The text encoder in models like Stable Diffusion transforms input text prompts into embeddings, which guide the image generation process. It typically uses a transformer-based architecture to convert text into latent text embeddings. Stable Diffusion employs a pre-trained text encoder, such as CLIP, to leverage its proficiency in correlating text with visual content. These embeddings are then used as conditional inputs to the U-Net for denoising and image generation, aligning the visuals with the text prompt's intent.

Putting it all together, the model works as follow during inference process:

Scheduler

The Scheduler in latent diffusion models like Stable Diffusion plays a key role in controlling the noise application and removal process during training and image generation. It determines how noise is added to and predicted from the images at various steps of the model's operation.

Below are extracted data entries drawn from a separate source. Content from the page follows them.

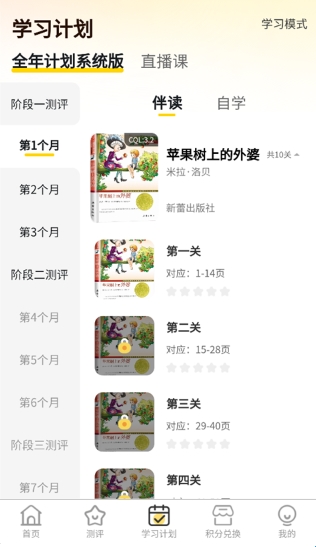 6、然后返回,在【学习计划】页面就可看到推荐的书单,孩子们可以根据计划进行阅读。
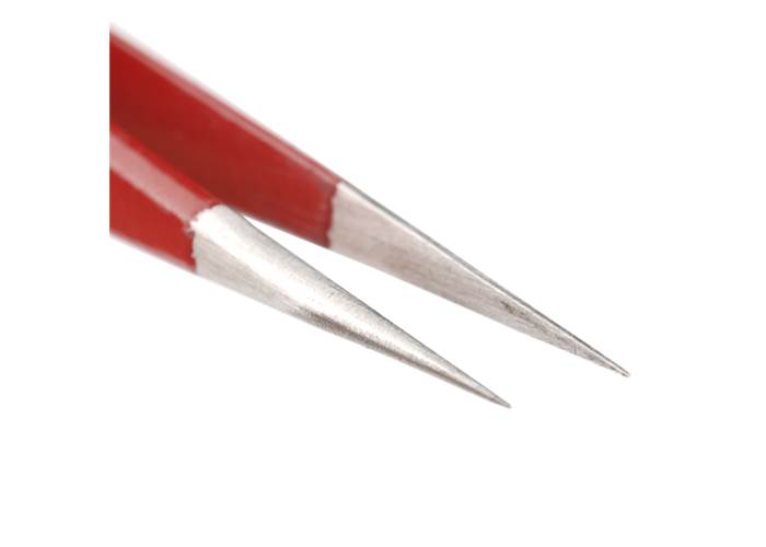 These are nice, solid straight tweezers. They have a very fine tip which allows you to pick up very small parts with precision. This is a great tool to have if you're working with surface mount components or anything with very small parts. The ESD-safe coating will also help prevent electro-static damage to sensitive electronic components. The best part? They're bright red and have the SparkFun logo printed right on them!
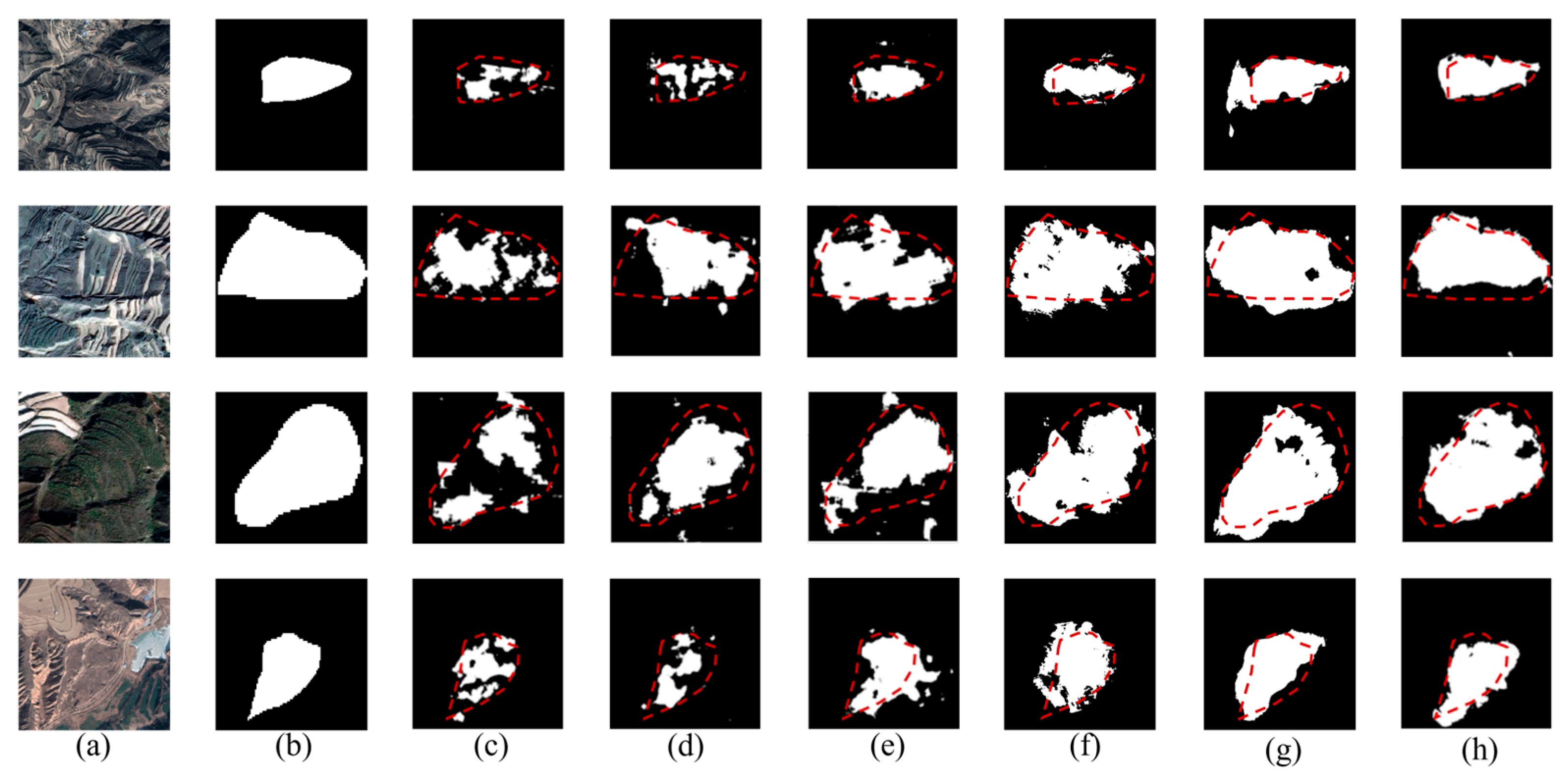 Table 10 presents a comparative analysis of performance differences across landslide types. The results indicate that models trained independently on widening and rectangular landslide datasets outperform those trained on the joint dataset across four evaluation metrics. Specifically, the F1-score increases by 2 percentage points for widening-type landslides and by 6 percentage points for rectangular landslides.

  1. Noise Application: The Scheduler dictates how to systematically add noise to an image. This process is crucial during the training phase, where the model learns to reconstruct the original image from its noisy version.
  2. Noise Prediction: The Scheduler also guides the model in predicting and removing noise from the images. This is essential for generating clean, high-quality images.
  3. Customization for Fewer Steps: For different applications, the Scheduler can be adjusted to operate with a smaller number of steps. This flexibility allows for optimizing the model's performance based on specific needs or resource constraints.

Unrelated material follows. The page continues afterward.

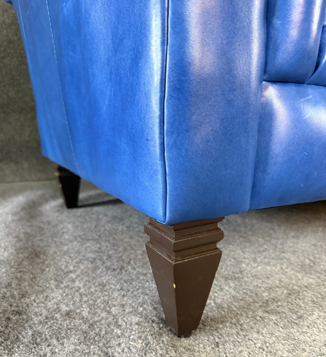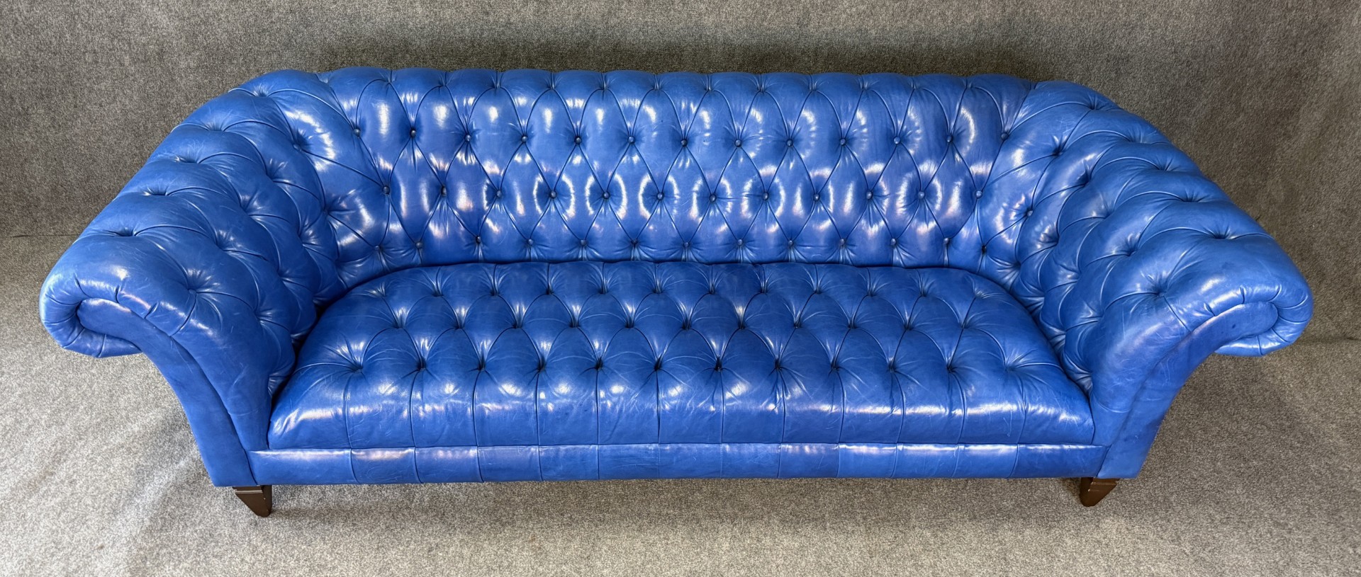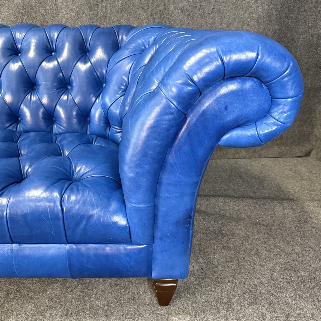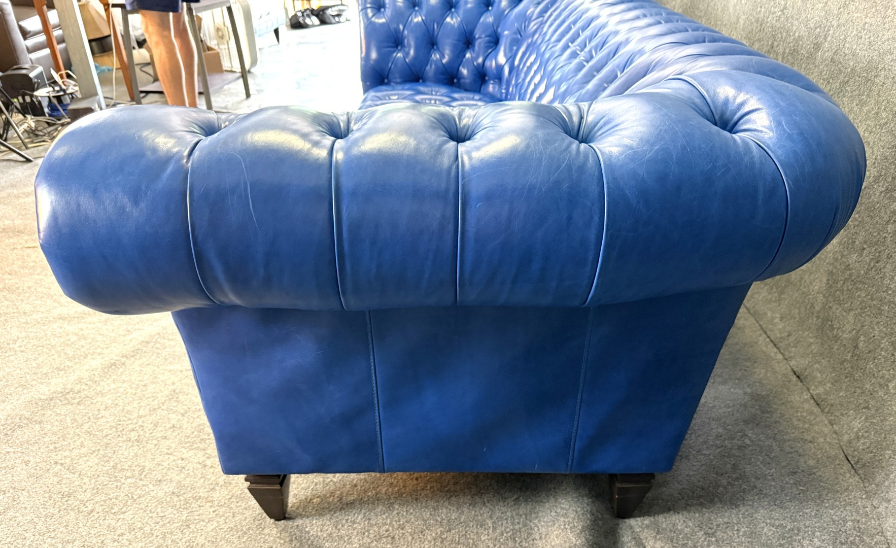 This Custom COCOCO Home blue Chesterfield sofa showcases deep diamond tufting, gracefully rolled arms, and a vibrant saturated leather that instantly commands attention. Its full-length silhouette and plush bench-style cushioning offer both luxurious presence and inviting everyday comfort. COCOCO Home is a respected North Carolina furniture maker known for handcrafted, customizable pieces built with premium materials and traditional bench-made construction.

The applications of a Latent Diffusion Model like Stable Diffusion, facilitated by components like the Scheduler, are diverse and impactful:

  • Text-to-Image Generation: Creating images from textual descriptions.
  • Image-to-Image Generation: Generating new images or modifying existing ones based on a starting image.
  • Image Upscaling: Enlarging smaller images to larger resolutions.
  • Inpainting: Modifying specific areas of an image based on provided prompts, useful for tasks like object removal or area enhancement.

Furthermore, these models significantly reduce the costs of training and inference. This efficiency has the potential to democratize high-resolution image synthesis, making advanced image generation and modification techniques accessible to a wider audience.